All of the segments in Holidays are simply titled after the holiday they're set on, but apparently before that decision was made Smith was considering two alternate titles for his Halloween-set segment: Hollow Ian or Camhain. The story was inspired by the Rashida Jones-produced documentary Hot Girls Wanted, which centered on young women getting into the world of porn in the internet age. Halloween centers on young women in the world of internet porn, cam girls being lorded over by an abusive man named Ian (Tusk / Yoga Hosers co-star and Epic Meal Time host Harley Morenstein).

Fed up with the degrading treatment they get from Ian, the three girls (Harley Quinn Smith, Olivia Roush, (SM)Ashley Greene) currently employed by him - if you can call it being employed, since I'm not sure they see much financial benefit from their cam shows - decide to turn the tables on him and force him to put on a cam show of his own. But this cam show isn't of the titillating sort, as the girls get their revenge by making some very horrific things happen to Ian while he's camming.

Smith's Halloween was what drew me to this anthology and it's the segment that I enjoyed the most of the bunch, a simple revenge tale driven forward by a heavy musical score composed by Christopher Drake and featuring some unforgettable moments of implied violence.
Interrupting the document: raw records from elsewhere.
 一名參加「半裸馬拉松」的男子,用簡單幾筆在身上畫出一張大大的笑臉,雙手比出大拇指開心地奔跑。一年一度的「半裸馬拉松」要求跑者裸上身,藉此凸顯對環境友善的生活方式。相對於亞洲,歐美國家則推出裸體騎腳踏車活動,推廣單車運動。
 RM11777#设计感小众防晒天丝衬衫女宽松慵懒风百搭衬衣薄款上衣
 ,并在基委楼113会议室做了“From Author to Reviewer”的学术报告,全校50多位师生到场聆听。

From Halloween we leap frog over Thanksgiving and go directly to Christmas, a segment from Scott Stewart (Legion, Priest, Dark Skies). We've had down-to-earth threats and supernatural threats so far, and Christmas is the first one to present a science fiction type of horror. Real life couple Seth Green and Clare Grant star as Pete and Sara, a married couple whose lives are greatly complicated by uVu, the virtual reality system Pete obtains for their son's present.

Pete allowed a man to die so he could get his hands on a store's last uVu, so you know right up front that these characters aren't the most morally pure, and that continues to be confirmed throughout the rest of the segment.
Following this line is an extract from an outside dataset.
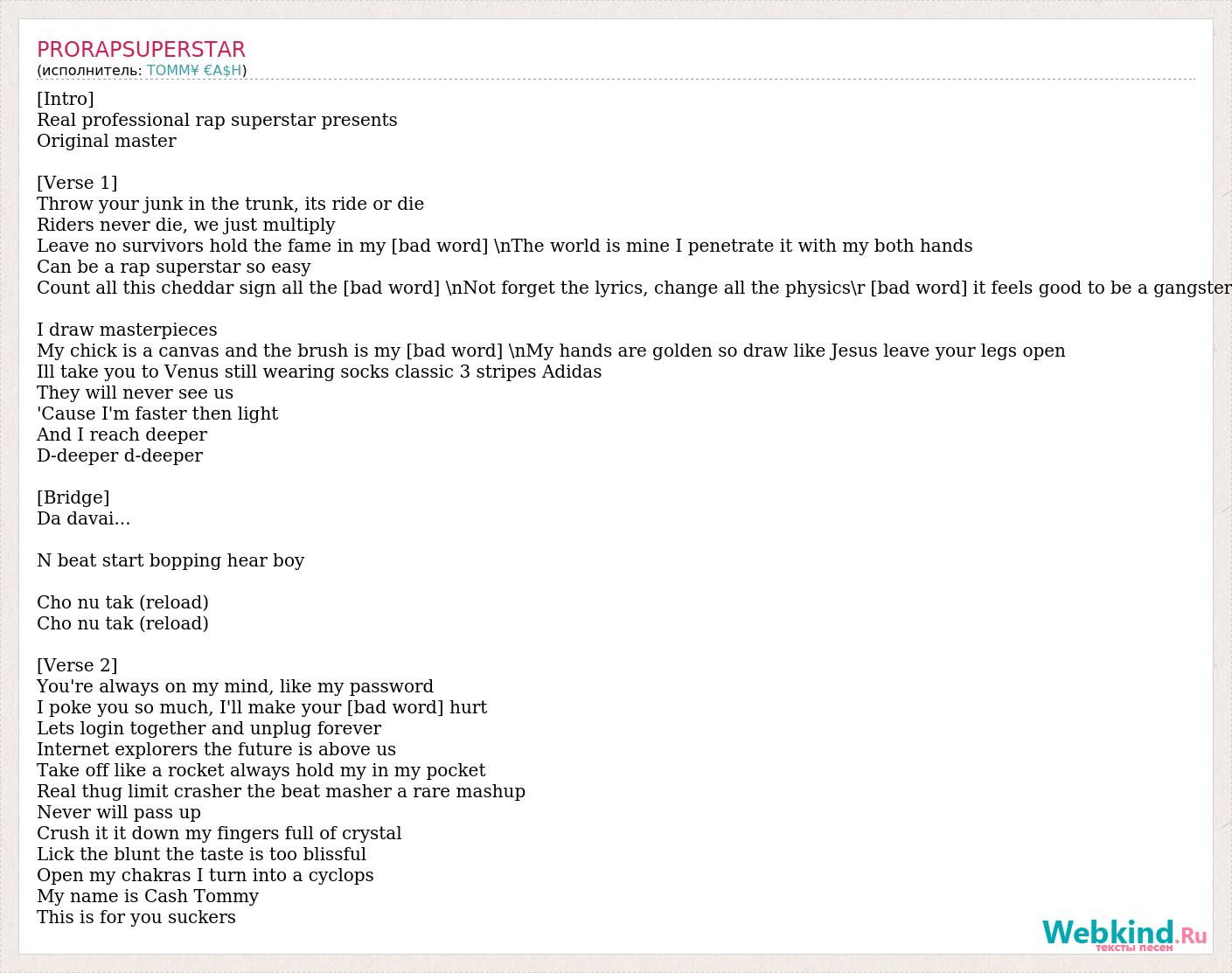 [Intro] Real professional rap superstar presents Original master [Verse 1] Throw your junk in the trunk, its ride or die Riders never die, we just multiply Leave no survivors hold the fame in my [bad word] \nThe world is mine I penetrate it with my both hands Can be a rap superstar so easy Count all this cheddar sign all the [bad word] \nNot forget the lyrics, change all the physics\r [bad word] it feels good to be a gangster I draw masterpieces My chick is a canvas and the brush is my [bad word] \nMy hands are golden so draw like Jesus leave your legs open Ill take you to Venus still wearing socks classic 3 stripes Adidas They will never see us 'Cause I'm faster then light And I reach deeper D-deeper d-deeper [Bridge] Da davai... N beat start bopping hear boy Cho nu tak (reload) Cho nu tak (reload) [Verse 2] You're always on my mind, like my password I poke you so much, I'll make your [bad word] hurt Lets login together and unplug forever Internet explorers the future is above us Take off like a rocket always hold my in my pocket Real thug limit crasher the beat masher a rare mashup Never will pass up Crush it it down my fingers full of crystal Lick the blunt the taste is too blissful Open my chakras I turn into a cyclops My name is Cash Tommy This is for you suckers
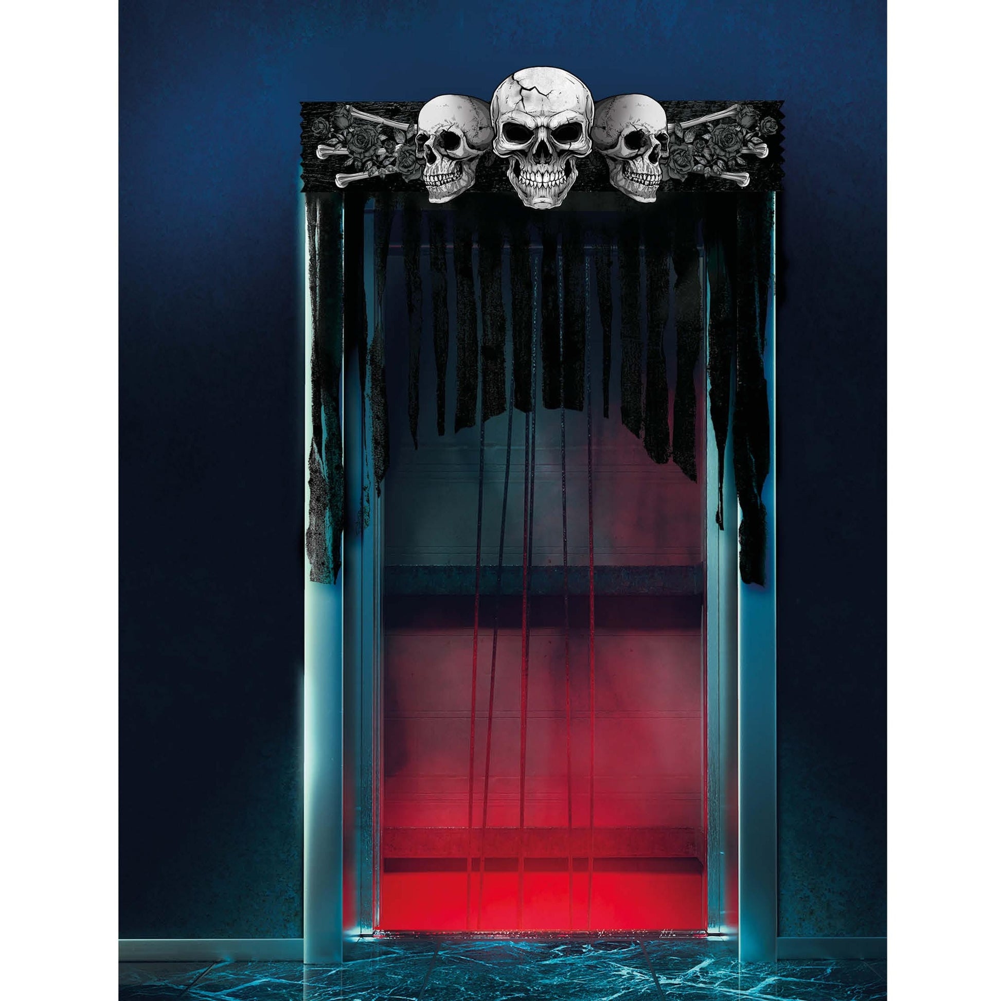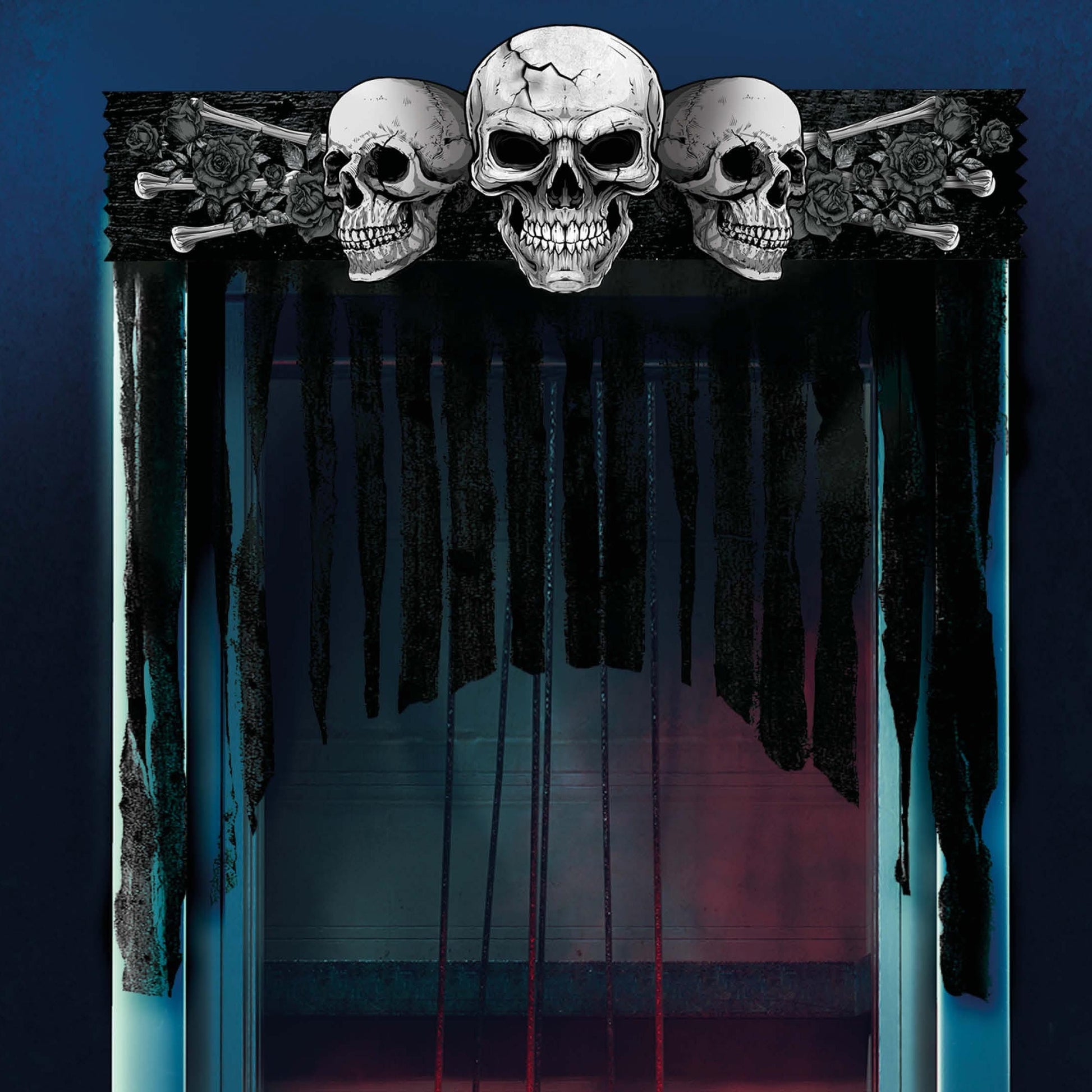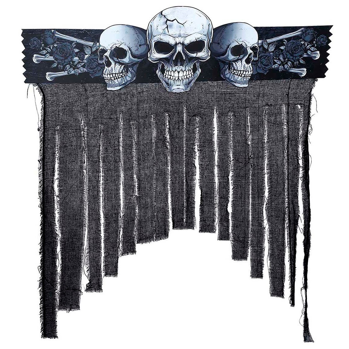 Tunn dekorationsgardin med dödskallemotiv, perfekt att hänga i dörröppningar inför Halloween eller temafester. Lätt att sätta upp och flyttar sig smidigt när man går igenom.

I enjoyed Christmas, it moves along quickly with a lively tone and a humorous edge. It sort of feels like it could have been a Tales from the Crypt episode if it was a bit longer.


It all wraps up with New Year's, which Valentine's Day makers Kevin Kolsch and Dennis Widmyer scripted for Adam Egypt Mortimer (Some Kind of Hate) to direct, the only instance in this anthology where a segment wasn't written and directed by the same person/people.

Eli Roth's wife Lorenza Izzo (Aftershock, The Green Inferno) stars as an awkward, lonely young woman who, rather than spend New Year's Eve sitting at home by herself, accepts an online date request from an awkward man who we know to be a serial killer. The date goes about as well as you might expect it to.

New Year's was right up my alley and takes the film out on a high note.

Overall, Holidays is - like any anthology from multiple filmmakers, and most that are just made by one filmmaker -  a movie with its ups and downs, with segments that are appealing, segments that aren't, some that pay off perfectly, and some that don't. There are some shorts in here that I don't really feel the need to watch again, and others that I will be returning to with some frequency.

Compared to other anthologies that have come out in recent years, Holidays had a higher rate of success for me than most and ranks alongside Tales of Halloween as one of my favorites. If you're a fan of this type of movie, you should absolutely check it out.